D. What Is Not Included Within the Scope of This Rule?

    As noted previously, the administrative reporting exemption from
the CERCLA section 103 notification requirements is limited in scope to
those releases of hazardous substances to the air that meet or exceed
their RQ from animal waste at farms and in the case of Section 304 of
EPCRA, only those releases of hazardous substances to the air from
animal waste at farms that are below the thresholds in 40 CFR 355.31(g)
are exempt. EPA is not exempting from the CERCLA section 103 or EPCRA
section 304 notification requirements releases of hazardous substances
from animal waste that meet or exceed the RQ to any other environmental
media or at any other facilities other than farms (i.e., meat
processing plants, slaughter houses, tanneries). Thus, notifications
must still be submitted if, for example, there was a release of any
hazardous substances that meet or exceed the RQ from animal waste into
water (e.g., a lagoon burst) or if there was a release of any hazardous
substances that meets or exceeds the RQ from animal waste into the air
or water at a slaughter house or meat processing plant. Likewise, EPA
is not exempting from the CERCLA section 103 or EPCRA section 304
notification requirements any release of hazardous substances to the
air that meets or exceeds the RQ from any source other than animal
waste at farms.
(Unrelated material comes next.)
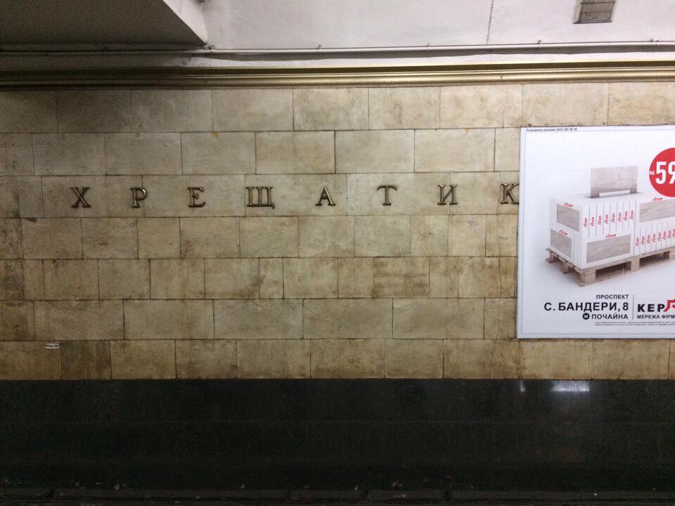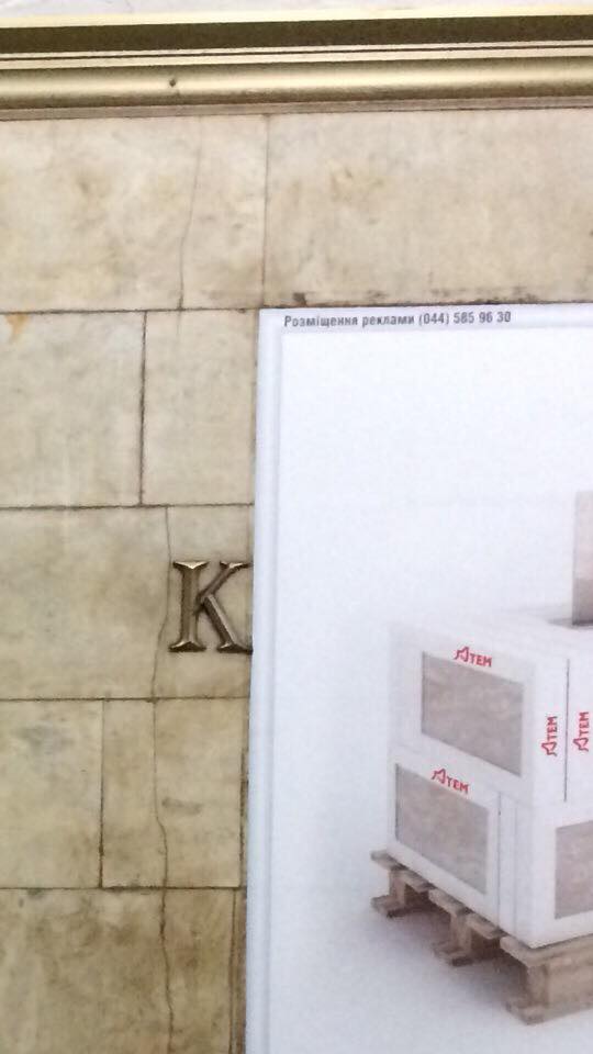 Блогер Илья Варламов разместил фото рекламного баннера на станции метро "Крещатик" в Киеве. Он обратил внимание, что реклама вплотную примыкает к букве К в названии станции.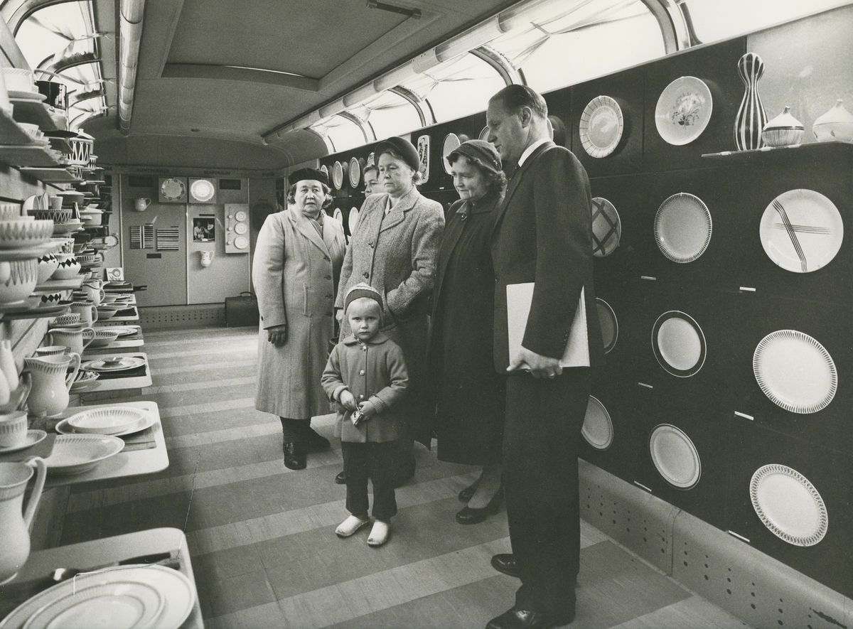 Interiör. Gustavsbergsbussen med visningsansvarig och besökare som tar del av utställningen.

Thus, for example, EPA is not proposing to exempt
ammonia releases from ammonia storage tanks at farms.
    The Agency believes that in these situations, the release of
hazardous substances that meets or exceeds the RQ should continue to be
reported because it is less clear that they will not result in a
response action from Federal, State or local governments. That is, such
notifications would alert the government to a situation that could pose
serious environmental consequences if not immediately addressed.
    Finally, it should be noted that no CERCLA or EPCRA statutory
requirements, other than the emergency hazardous substance notification
requirements under CERCLA section 103 and EPCRA section 304, are
included within this rule. The rule also does not limit the Agency's
authority under CERCLA sections 104 (response authorities), 106
(abatement actions), 107 (liability), or any other provisions of CERCLA
and EPCRA to address releases of hazardous substances from animal waste
at farms.

E. What Is EPA's Rationale for This Administrative Reporting Exemption?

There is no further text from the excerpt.